Ever since the birth of the ‘Tweetbreak’ (you know, when during the ads, hordes of outraged/delighted/bemused/horrified Twitter users take to their accounts to make their voices heard), the link between TV and social media has been undeniable.
I suppose it really hit home when at the beginning of UK-based Channel 4 programme ‘One Born Every Minute’, the hashtag ‘#oneborn’ was displayed. Programme makers, especially those whose shows are shown during the peak of wine-swilling, dinner-digesting, children-free prime time, know that people will want to talk about what they see. TV and Social Media are currently embroiled in a torrid love-affair; but how long will it last for?
The honest answer is, from what I can see, indefinitely. TV and Social Media’s symbiotic relationship is something that most consumers find irresistible – it’s quick, it’s easy, it’s a great way to find out what other people are thinking, and you can be a part of a country – or global-wide conversation in seconds.
When I ran the social media accounts for a news programme in the East of England, one of the first lessons I learned was that TV isn’t the all-seeing, all-knowing behemoth it once was thought to be. People aren’t mindless consumers, passively drinking in whatever the television tells them.
Social media is a tool used for conversations that are two-way and, hopefully, mutually beneficial. The programme’s Twitter account was used for getting breaking news out to our audience as soon as possible, but we also relied upon our followers to report any breaking news to us. A quick response was vital, as was keeping a close eye on the Twitter account at all times – even at weekends. People became accustomed to us being available and ready to reply within minutes, which, considering the nature of the programme, was to be expected.

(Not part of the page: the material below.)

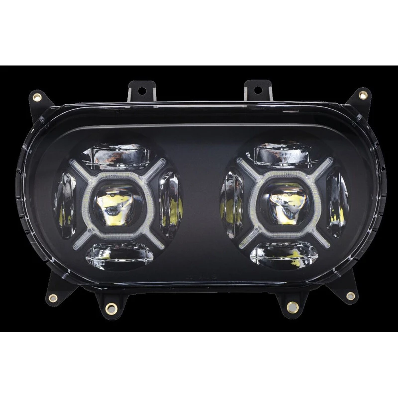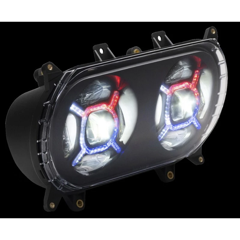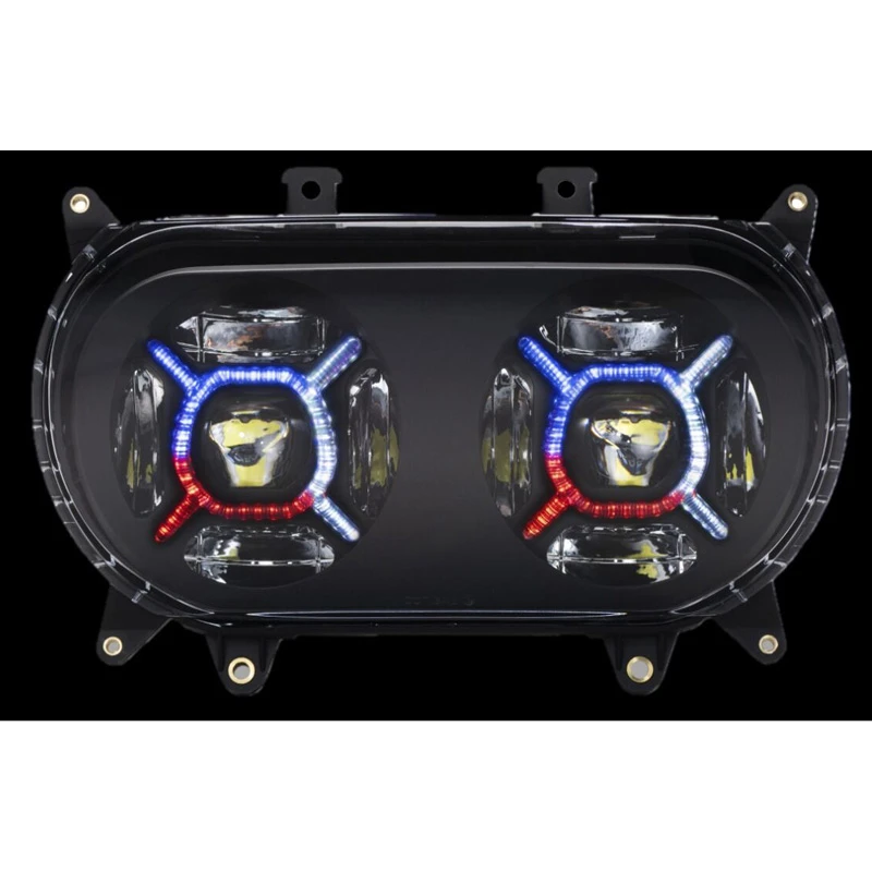 Complete LED headlight assembly is a direct plug and play replacement for OEM Road Glide Headlight. Double lamps within a completely sealed IP67 waterproof housing provide projection style low beam. Eight more LEDs utilize a reflective technology to produce a brilliant 1645 lumen high beam pattern. Double-X pattern color changing lights connect to ProGLOWâ„¢ controller (sold separately) to utilize the most advanced LED color changing technology! Headlight is designed with unique fully accessible adjuster to allow for proper aiming of the headlight after installation. Clear polycarbonate lens is assembled with either a chrome or black reflector. Industry leading technology is utilized for BCM compliance to prevent interference and codes. Lifetime Warranty.Â

Another lesson I learned was that audiences vary; what may be suitable for one platform isn’t suitable for another. The programme’s Twitter account played host to a variety of content: stories of a sensitive nature, traffic news, appeals for eyewitnesses and photo content, travel news and breaking news from legal proceedings.
The Twitter audience used our feed purely as a form of news; not something to be commented on, most of the time. However, the Facebook audience was entirely different. These people clearly took a great deal of pride in their location, and their relationship with the programme; they wanted to discuss news items, share their stories with journalists, make enquiries about the programme and praise the presenters. This also meant that, unfortunately, content had to be monitored as a ‘mob mentality’ could develop if stories were published about topics such as: gypsies, illegal immigrants, abortion, paedophiles or murderers.
I would advise any news channel using Facebook to limit the stories it publishes about sensitive subjects; try not to think of it as ‘dumbing down’ – just limiting Facebook to ‘the lighter side of life’. You’d be surprised what kind of tasteless discussions can develop over a lunch-hour – and the amount of people that feel the need to get involved in such a debate. However, we chose just to remove abusive posts – not block users, unless they were repeat offenders. We also kept all comments about the programme on the Facebook wall, whether they were good or bad – journalists, as a rule, try their hardest to avoid censorship. It would have been hypocritical of us to exercise it across our social media.
Finally, try to remember that your audience want to be a part of the programme, and are often delighted to help the journalists they have a relationship with, but there is a fine line between ‘keen to find news’ and ‘downright insensitive’. A London-based news channel recently enraged its Facebook fans when, not soon after the cruise ship Costa Concordia capsized, they asked for photos and videos of the disaster. The fact they then chose to substantiate this update with the phrase ‘We feel it is our duty to report on this’ resulted in hundreds of disgusted fans mocking their tactless approach, which is hardly surprising.